**Exercise inputs:**
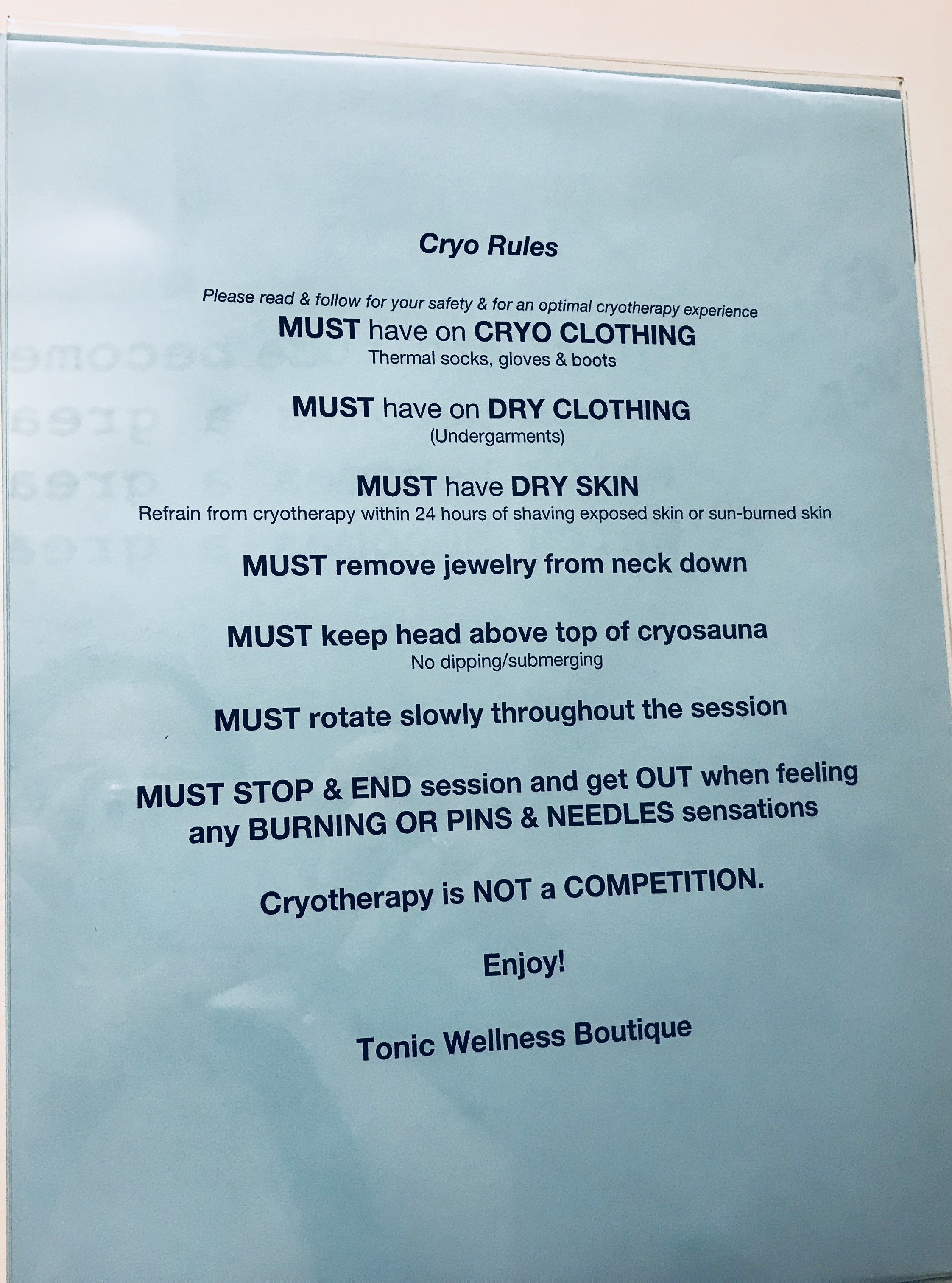 But then, magically, it ends before you even realize it. The attendant is there the whole time, so there's no need to panic. And...I have to say that I found the experience absolutely invigorating. I'd been dealing with a sore shoulder and it pretty much evaporated into thin air after I did cryo. Supposedly, lots of athletes use cryo for recovery. It's also credited with warding off depression, dementia, insomnia and several other conditions. Tony Robbins is rumored to have his own personal cryo tank in his home. And I can see why. After I exited in my robe, I suddenly felt euphoric. My surface body temp, which hovered around 90 degrees when I climbed in there, was now at 68. And I basically floated outside, like the block of ice that I was. Check with your doctor before doing cryo (I think conditions such as high blood pressure can cause potential problems), but I LOVED it! And I can't wait to go freeze my butt off again.
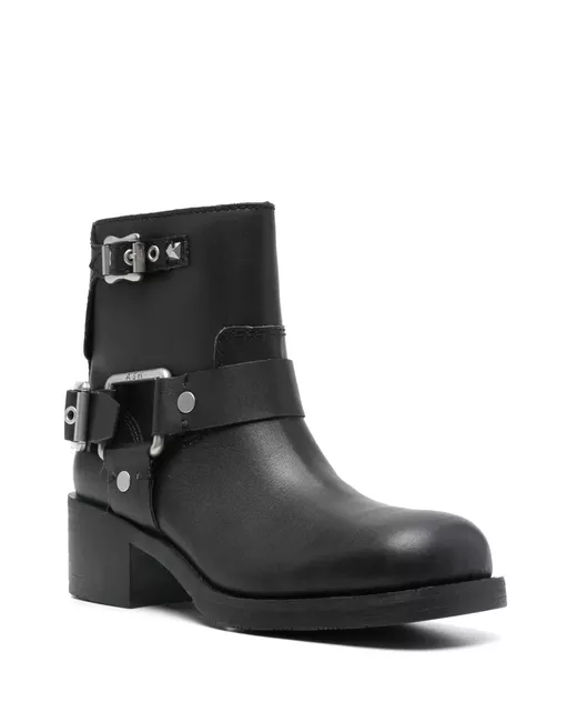 black leather smooth grain 50mm block heel decorative buckle detailing square toe branded insole rubber sole
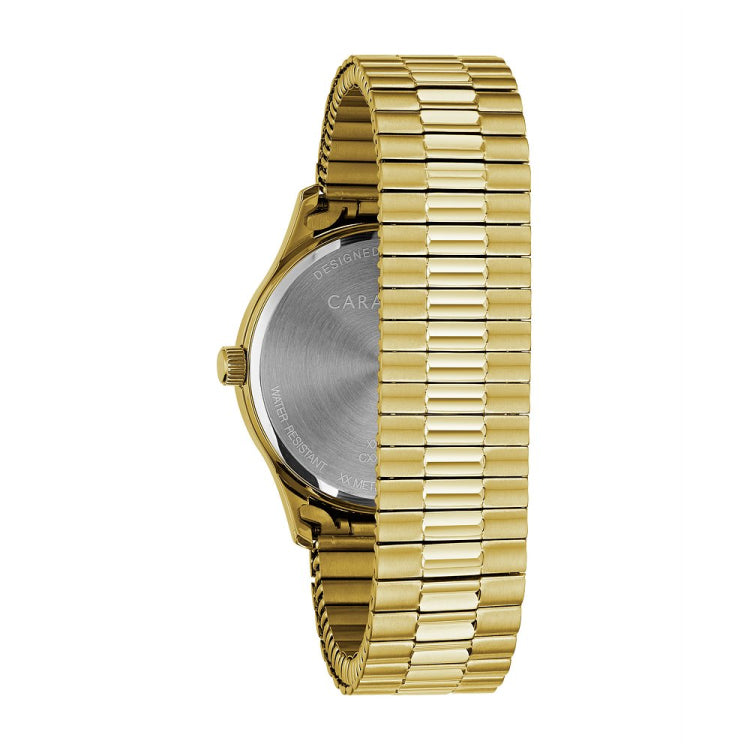 Timeless design, wear-with-everything style. Complete with easy-to-read bold 24-hour design and three-hand date feature on matte white dial. Gold-tone stainless steel case and comfort-fit expansion bracelet are the finishing touches on this classic watch.
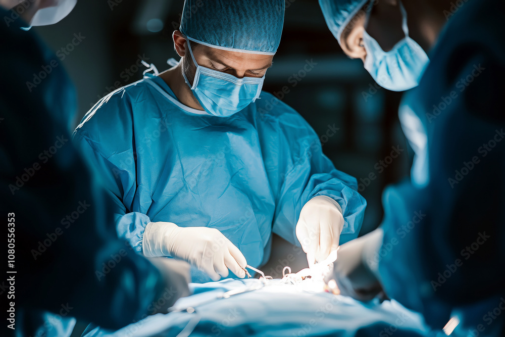 Scene of a surgeon performing open-heart surgery, showing the details of the procedure. #1080556353
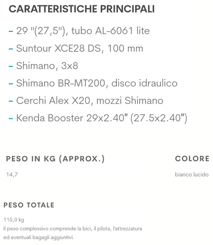 Il noleggio comprende: catenaccio di sicurezza, kit di riparazione pneumatici.

**What to do:** Begin with the line that contains "black leather smooth" and repeat every line through the end of the data, exactly and only those lines, leaving out the pictures.

**Answer to this exercise:**
 black leather smooth grain 50mm block heel decorative buckle detailing square toe branded insole rubber sole
 Timeless design, wear-with-everything style. Complete with easy-to-read bold 24-hour design and three-hand date feature on matte white dial. Gold-tone stainless steel case and comfort-fit expansion bracelet are the finishing touches on this classic watch.
 Scene of a surgeon performing open-heart surgery, showing the details of the procedure. #1080556353
 Il noleggio comprende: catenaccio di sicurezza, kit di riparazione pneumatici.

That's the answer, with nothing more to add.